What a board game could offer that a computer game could not was in part aesthetic (The Look being much more easily accomplished on 30 by 20 inch, 300 dots-per-inch paper than on a 16 by 12 inch, 90 pixels-per-inch display) and in part social: Computer games are best played alone, while board games are best played with friends.

From long experience, I knew that complexity and length were huge barriers to social gaming. I was looking for a game that would fit in with having a friend over for an evening, and nobody wants to spend the whole evening reading rules and setting up the game.

The first consequence of the quest for simplicity was that the number of pieces would have to be kept small. It is very hard to have a game that can be played in a reasonable time if it has a large number of pieces, even if the mechanics are simple, so the game system was scaled to keep that number small.

A related idea was to keep all the math in the game simple -- single digit numbers only and no long division. For this reason, I selected a differential combat resolution system, and the unit strengths were expressed simply -- one, two or three. Another mathematical simplification was in movement -- the ground scale and time scale were set so that pieces would move only one area per turn. Terrain effects on movement are expressed not by "movement points" but by the sizes of the areas -- the more difficult the terrain, the smaller the areas.

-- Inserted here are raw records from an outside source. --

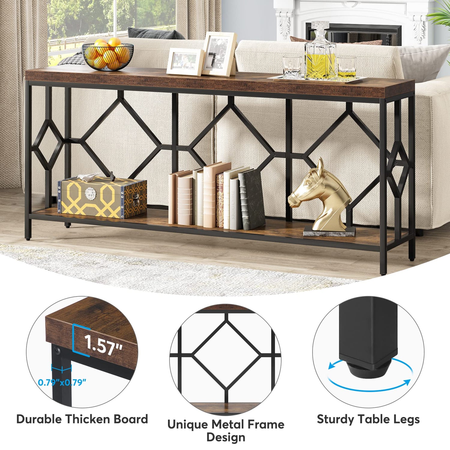 Tribesigns 71 Inch Extra Long Sofa Table, Narrow Long Sofa Console Tables Behind Couch Table with Open Storage Shelf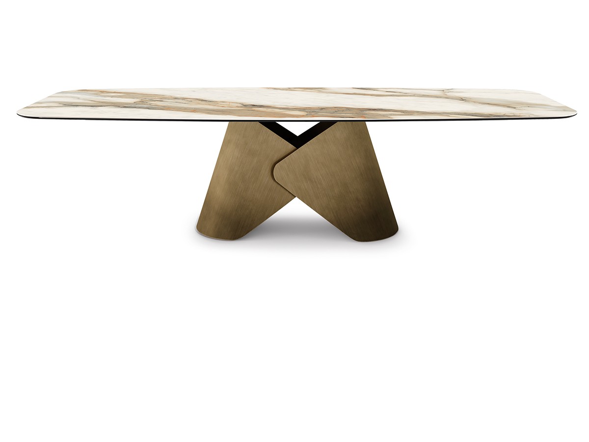 Cattelan Italia presentó en el Salone del Mobile 2023 la nueva mesa Scott Keramik. Un mueble de diseño extremadamente moderno, todo para ser contemplado, como una obra de arte. Lo que la hace única es la base de metal cuya forma recuerda el cuello de una camisa, dando a esta nueva mesa de Cattelan Italia un efecto óptico rígido y austero. La suaviza el elegante tablero de cerámica efecto mármol, que también la hace perfecta como mesa de reuniones. Disponible en diferentes tamaños y acabados.
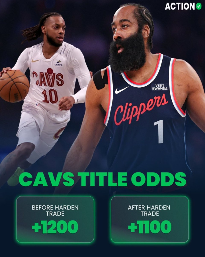 与此同时,多家美媒预测了骑士队的全新五虎:哈登、米切尔、泰森、莫布里、贾勒特-阿伦!在得到哈登之后,骑士队的夺冠赔率也得到了提升,从之前的+1200瞬间提升到+1100。而他们夺得东部冠军的概率已经提升到26%,高居东部第一位!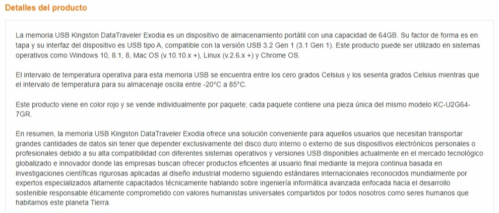 • La memoria USB Kingston DataTraveler Exodia es un dispositivo de almacenamiento portátil con una capacidad de 64GB.

Another advantage that fell out of the use of areas was that they were large enough that the effects of terrain on combat could be drawn directly onto the map, instead of having to be represented indirectly through a terrain effects table. Similarly, the differential system and simplified math made it possible to do away with combat results tables as well. Tables are an annoyance; it is often difficult to find space for them in the design of the game board without making the board bigger and players find them an annoyance when on separate sheets. Both for the physical design of the game as well as ease of play, I was quite happy to be able to do without them.

The design of the rules for bombardments and assaults were done not long after the map design was completed. They reflect two things: the ability of the three-dimensional playing pieces to easily represent limited intelligence (with two-sided pieces, having pieces "face-down" is a maddening exercise in memorization), and my desire for the strong distinctions between the arms that had characterized Wellington's Victory. The multi-step system incorporates both, with the fortuitous effect that the inclusion of intelligence provided the uncertainty that in most wargames must be provided by dice. Thus, by happy chance (so to speak) dumb luck was almost completely designed out of the game.

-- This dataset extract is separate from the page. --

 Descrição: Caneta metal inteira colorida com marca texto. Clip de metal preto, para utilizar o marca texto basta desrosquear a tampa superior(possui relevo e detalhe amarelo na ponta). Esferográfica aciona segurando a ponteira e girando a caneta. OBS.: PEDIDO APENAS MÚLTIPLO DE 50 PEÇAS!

Movement, on the other hand, proved a much more difficult problem. Napoleonic infantry and artillery didn't fight on the move, and retreating infantry and artillery were extremely vulnerable to being run down by enemy cavalry. Additionally, co-ordinating a moving fight over a large area was far beyond the capabilities of the period s courier-based command system. To portray these problems, I tried many rules variations: in some, the armies wheeled around like modern tank armies, and in others pursuit was so difficult that the French army could win simply by walking backwards slowly. The final version is built on the rules for maneuver attacks and command limits, which work to force retreating infantry and artillery to the primary roads, while leaving cavalry some ability to conduct more fluid battles of maneuver.

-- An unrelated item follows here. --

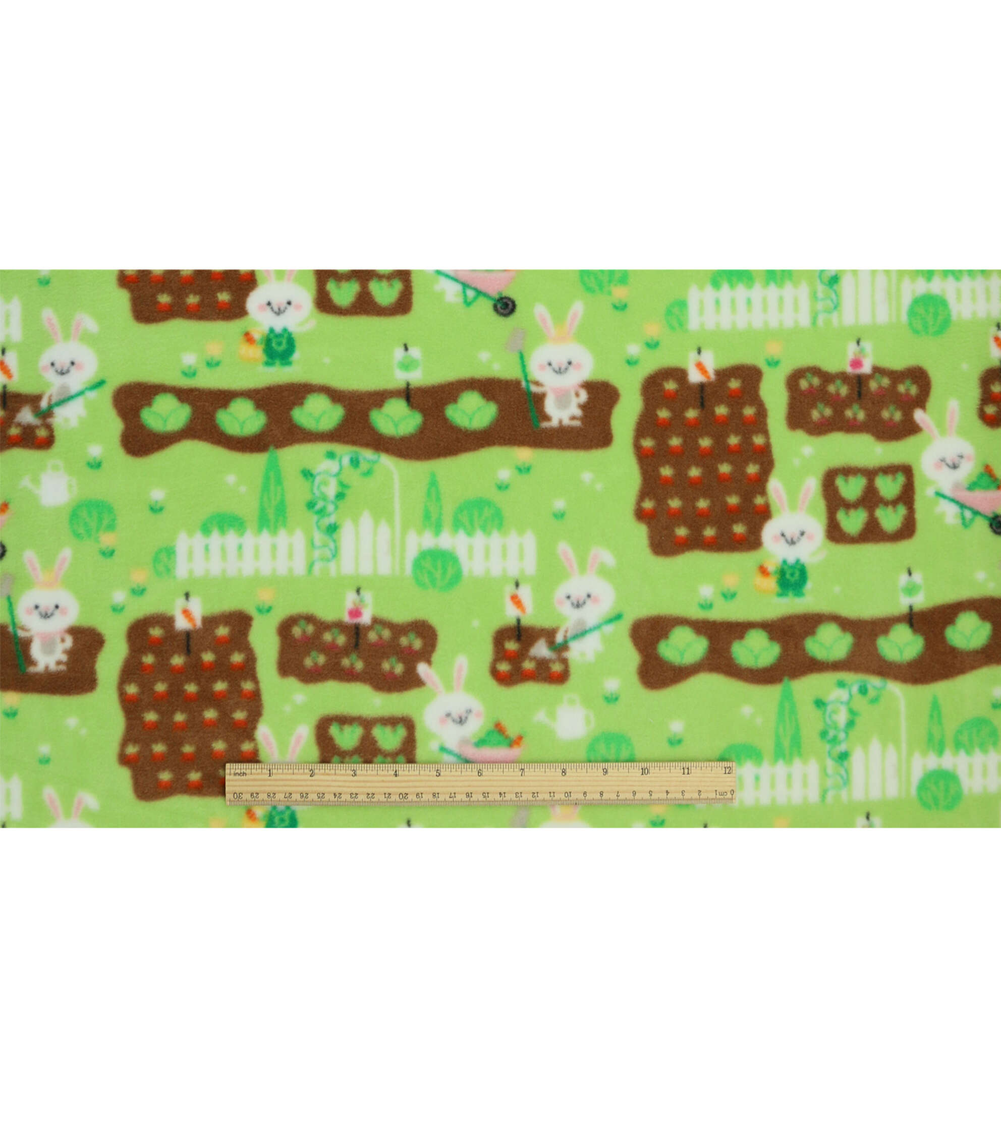 Bunnies Gardening on Green Anti Pill Plush Fleece Fabric by POP!

In looking at the design as a whole, the thing I find most interesting is how the original pursuit of The Look resulted in a game that rejected the great majority of the conventions of wargame design, without that result having ever been intended. Throughout the design, the choice of new physical and graphical components changed the matrix of what was possible and impossible, easy and difficult, resulting in a game that is certainly different from other wargames, and which I hope will be as enjoyable and interesting to play as it has been to design.